The only thing we have enough of right now is sick patients who need our care. I don’t have the answer to solve the struggles of our system, these challenges have been percolating for years.
However, despite not having enough, we all still have our empathy, our ability to listen, the relationship with our patients. This is a gift that cannot be taken away and despite many challenges in healthcare, the ability to connect with our patients is truly what may matter the most.
This is exactly why I went into nursing and we desperately need it now more than ever before. Thank your for sharing this story .. I hope your family member is blessed with many of them on her journey.
Thanks, Katie. I think that there are great truths in anecdotal stories. I was recently hospitalized for a small stroke associated with mild but dense right lower extremity weakness. I was taking low dose aspirin faithfully for years which likely made the mild fall from my road bicycle with helmet in place worse than it would have been. Work-up was relatively efficient with the obligatory CT scan followed by the inevitable MRI. I am recovering but the healthcare system has done me no favors. The case manager assured me that she was referring me to an agency for in-home physical therapy. It never happened. I contacted the consulting neurologist's office for a referral -- no answer. I contacted the PT department of the hospital's suburban branch and left a message on the answering machine that was never returned. Finally, I asked my previous neurologist to make a PT referral. which got done. PT started TWELVE days after the stroke! Not ideal.
Believe it or not, there is more pressure on reducing healthcare costs over against delivering quality and timely healthcare. In 2022, patients with new onset strokes are supposed to be prioritized for rapid assessment so that urgent intervention with IV TPA can be instituted before there is permanent damage. Even though I presented at our leading hospital's ED with classic symptoms of a stroke, it was an hour before I saw a physician and 90 minutes before a head CT scan showed a hemorrhagic as opposed to thrombotic stroke.
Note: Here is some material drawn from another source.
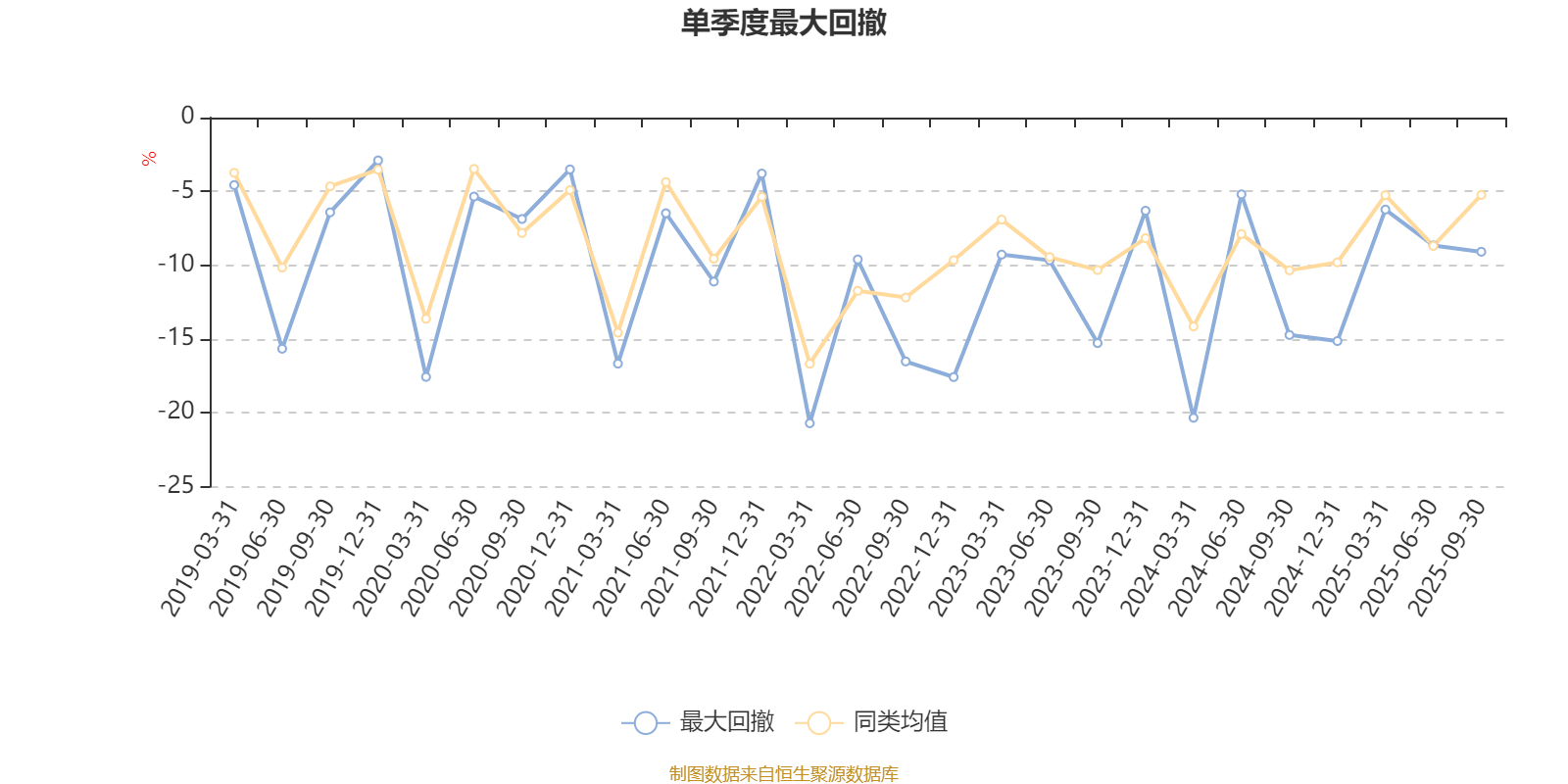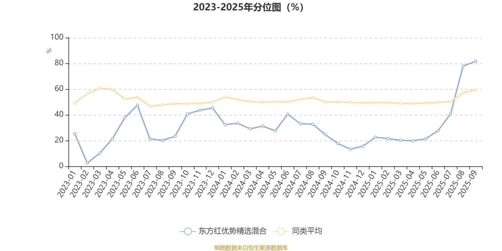 通过所选区间该基金净值增长率分位图,可以观察该基金与同类基金业绩比较情况。图为坐标原点到区间内某时点的净值增长率在同类基金中的分位数。

I will have a cerebral angiogram in a couple more weeks. The nurse practitioner who saw me in Neurology Clinic recommended a six week follow-up with the director of vascular neurology but he had no openings for 11 weeks. Of course, he will want an MRI scan when I see him. There is little real consideration of the potential benefits of serial MRIs in the minds of well-trained neurologists despite the costs. Just another story of the short-cuts and time priorities in our modern healthcare system. By the way, it will only get worse over time.